WORK TO COMPLETE:
Only the lines below from the one containing "4つのチャートをユーロドルに変更しなくてはいけないのですが" through the one containing "- Built on a" belong in the answer, set down exactly, with the pictures left out.

THE DATA:

-------------------------

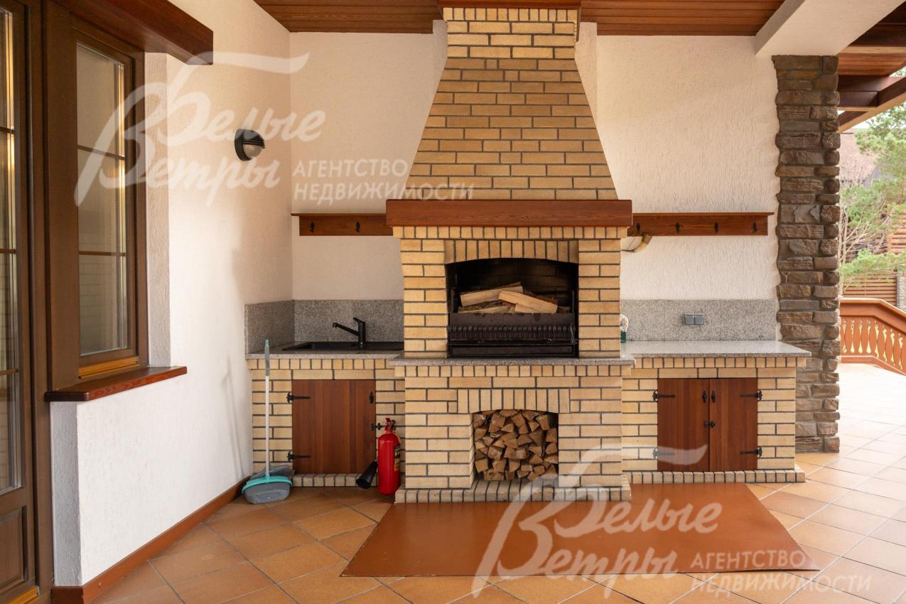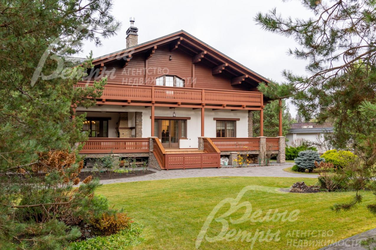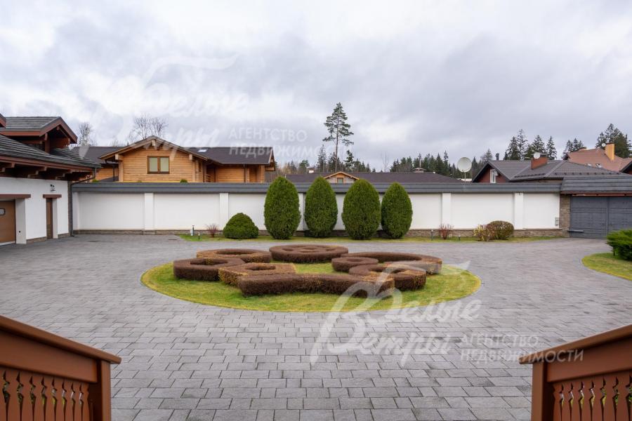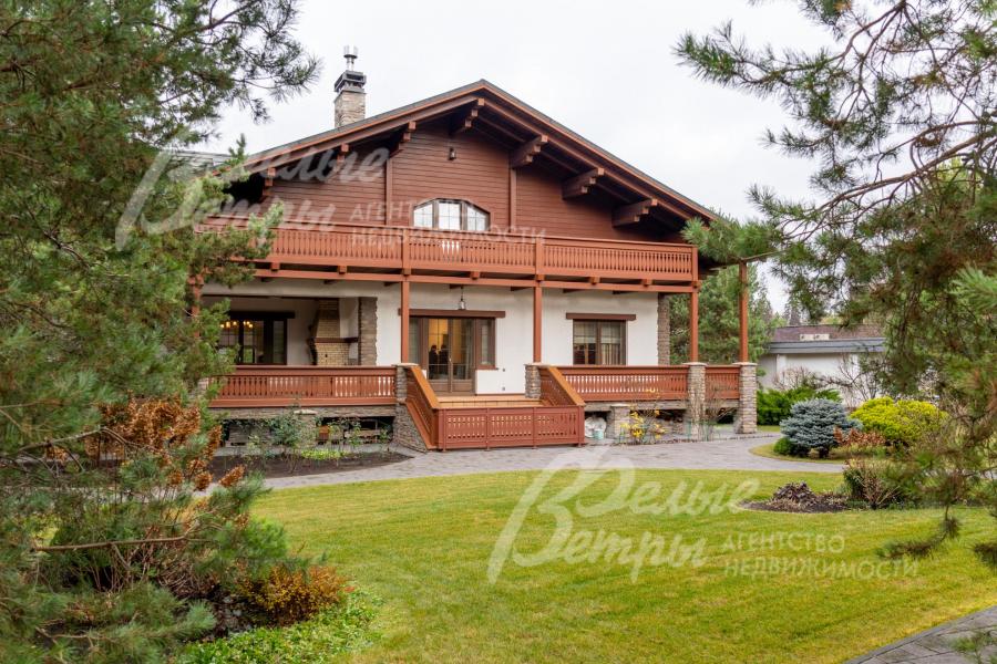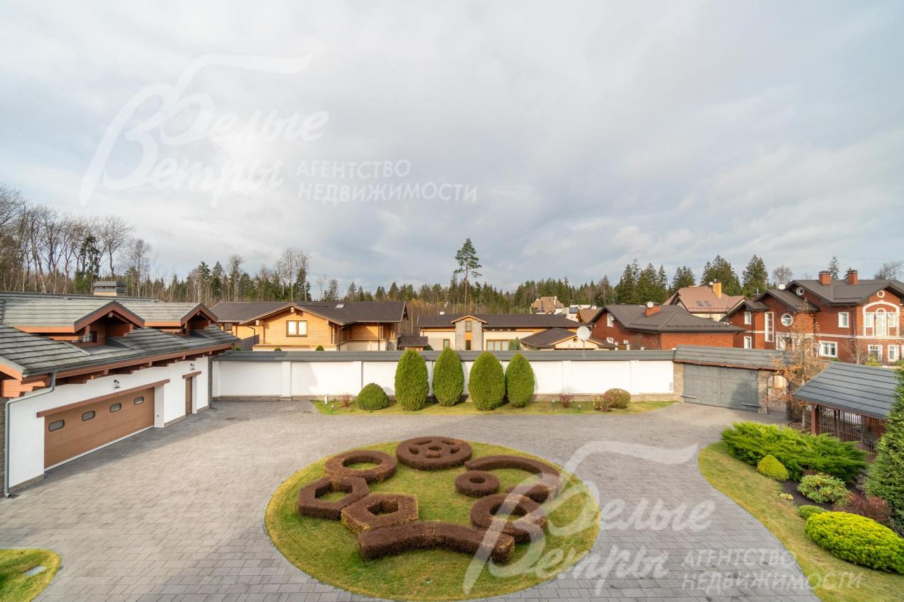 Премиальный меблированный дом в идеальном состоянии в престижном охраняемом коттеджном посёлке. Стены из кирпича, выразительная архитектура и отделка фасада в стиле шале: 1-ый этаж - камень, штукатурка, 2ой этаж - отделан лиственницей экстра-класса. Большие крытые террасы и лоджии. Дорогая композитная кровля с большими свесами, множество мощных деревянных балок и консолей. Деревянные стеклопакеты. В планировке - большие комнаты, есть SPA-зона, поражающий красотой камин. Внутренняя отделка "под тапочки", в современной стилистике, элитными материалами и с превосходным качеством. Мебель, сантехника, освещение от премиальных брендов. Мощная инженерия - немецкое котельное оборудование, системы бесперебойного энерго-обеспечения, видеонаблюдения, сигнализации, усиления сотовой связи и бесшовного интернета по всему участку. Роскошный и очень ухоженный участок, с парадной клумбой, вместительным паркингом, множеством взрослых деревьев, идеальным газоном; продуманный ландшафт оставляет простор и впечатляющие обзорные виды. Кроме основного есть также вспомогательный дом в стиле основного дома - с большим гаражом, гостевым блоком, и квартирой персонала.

-------------------------

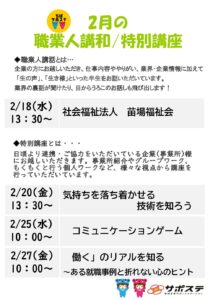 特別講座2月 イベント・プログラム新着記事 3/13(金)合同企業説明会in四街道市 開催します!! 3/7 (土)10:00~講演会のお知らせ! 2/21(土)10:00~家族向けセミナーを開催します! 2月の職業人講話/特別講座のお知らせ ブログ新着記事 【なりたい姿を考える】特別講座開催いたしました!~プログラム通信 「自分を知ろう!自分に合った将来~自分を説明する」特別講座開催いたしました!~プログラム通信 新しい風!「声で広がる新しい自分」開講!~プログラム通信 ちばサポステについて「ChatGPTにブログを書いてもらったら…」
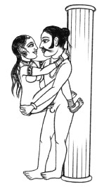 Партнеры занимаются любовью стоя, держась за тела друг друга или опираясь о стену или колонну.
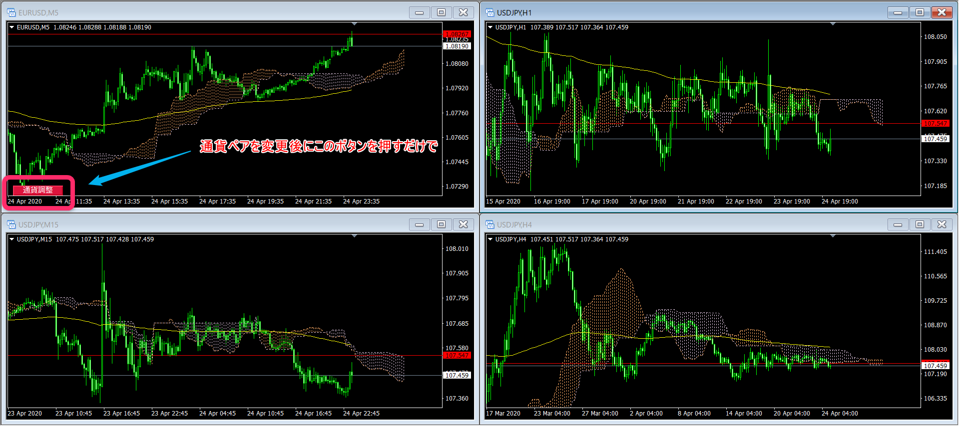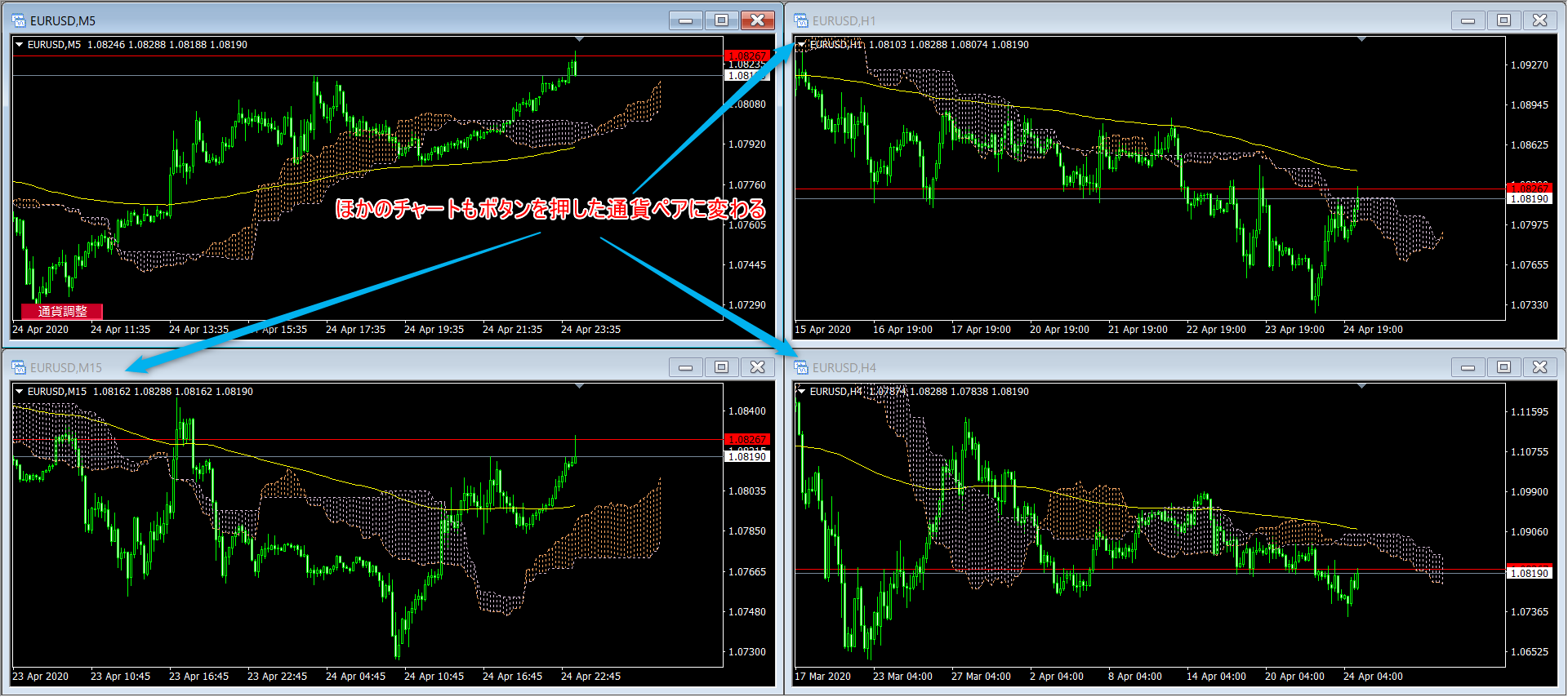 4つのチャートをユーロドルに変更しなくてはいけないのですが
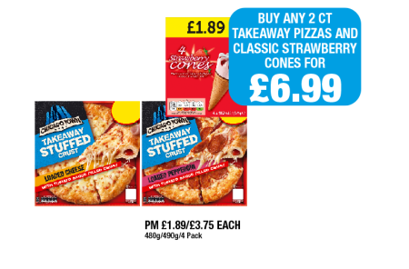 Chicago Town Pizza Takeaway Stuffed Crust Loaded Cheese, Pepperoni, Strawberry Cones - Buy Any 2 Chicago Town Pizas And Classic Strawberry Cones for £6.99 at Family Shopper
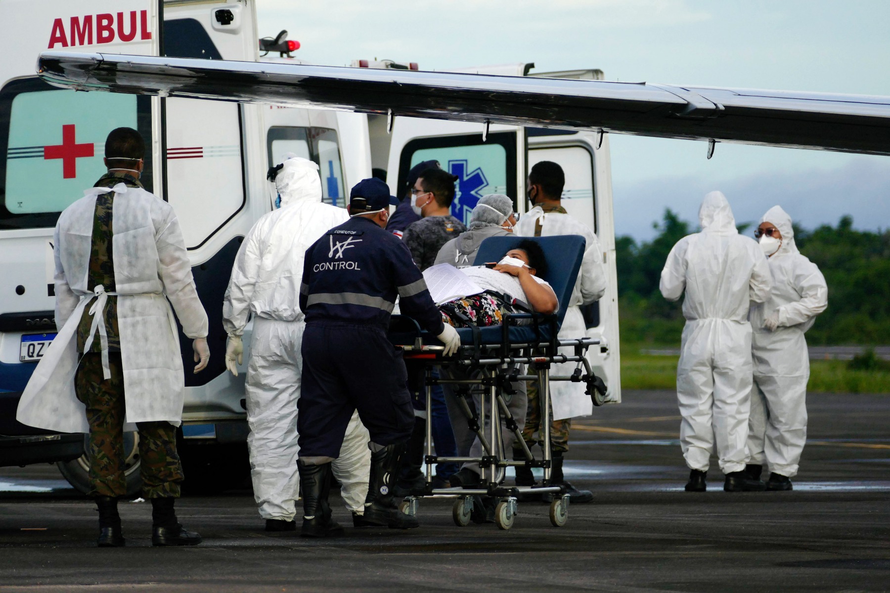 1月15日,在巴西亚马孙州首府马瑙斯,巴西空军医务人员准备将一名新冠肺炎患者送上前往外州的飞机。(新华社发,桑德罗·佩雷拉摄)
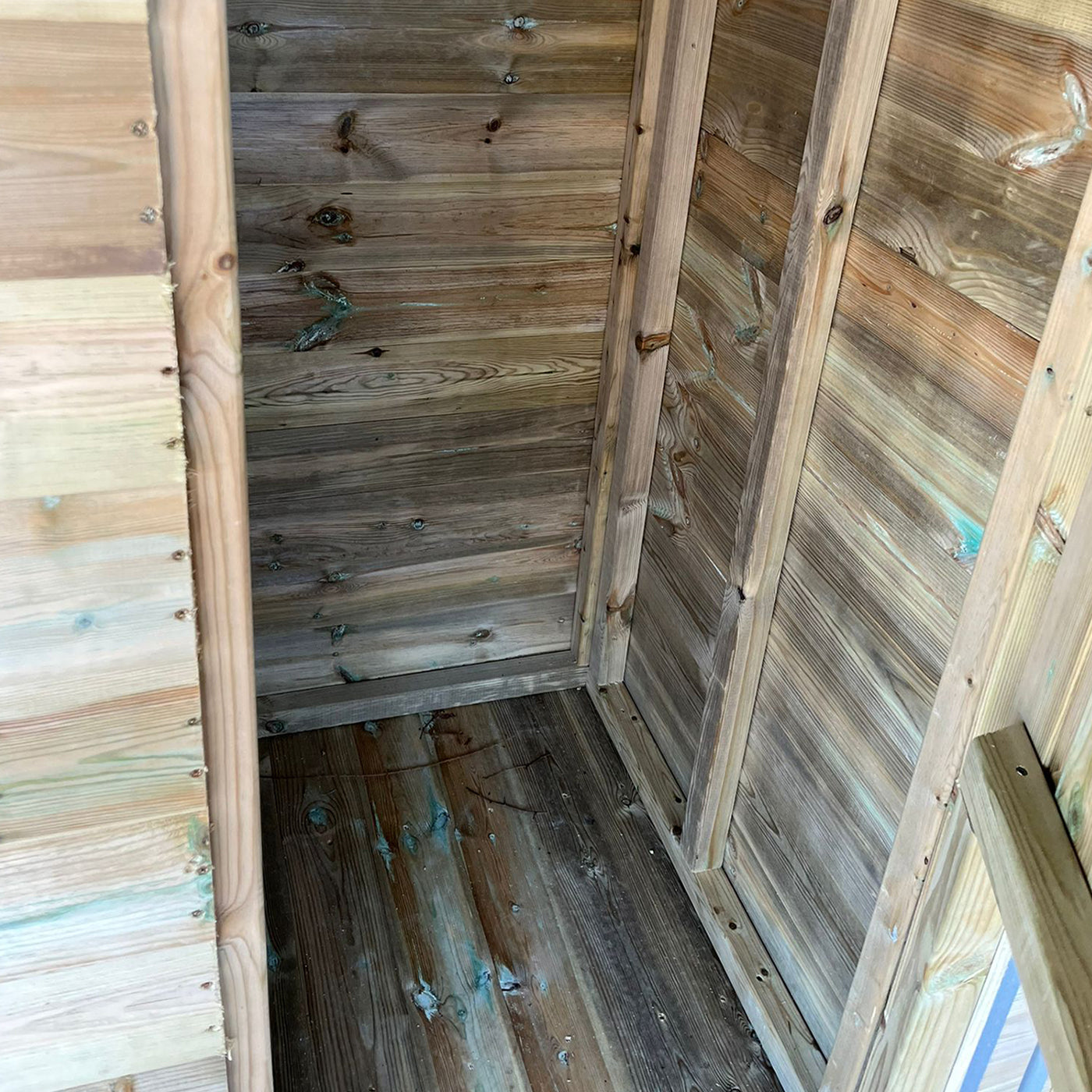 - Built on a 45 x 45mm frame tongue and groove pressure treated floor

-------------------------

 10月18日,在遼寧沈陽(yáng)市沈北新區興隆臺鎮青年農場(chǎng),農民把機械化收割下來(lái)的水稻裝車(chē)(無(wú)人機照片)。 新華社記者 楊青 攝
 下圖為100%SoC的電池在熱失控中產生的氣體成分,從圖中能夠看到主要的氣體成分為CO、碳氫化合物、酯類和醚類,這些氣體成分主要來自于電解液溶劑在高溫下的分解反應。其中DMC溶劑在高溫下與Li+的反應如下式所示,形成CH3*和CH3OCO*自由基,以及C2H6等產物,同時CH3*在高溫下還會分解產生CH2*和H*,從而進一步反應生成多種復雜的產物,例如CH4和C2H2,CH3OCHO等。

-------------------------

SOLUTION:
 4つのチャートをユーロドルに変更しなくてはいけないのですが
 Chicago Town Pizza Takeaway Stuffed Crust Loaded Cheese, Pepperoni, Strawberry Cones - Buy Any 2 Chicago Town Pizas And Classic Strawberry Cones for £6.99 at Family Shopper
 1月15日,在巴西亚马孙州首府马瑙斯,巴西空军医务人员准备将一名新冠肺炎患者送上前往外州的飞机。(新华社发,桑德罗·佩雷拉摄)
 - Built on a 45 x 45mm frame tongue and groove pressure treated floor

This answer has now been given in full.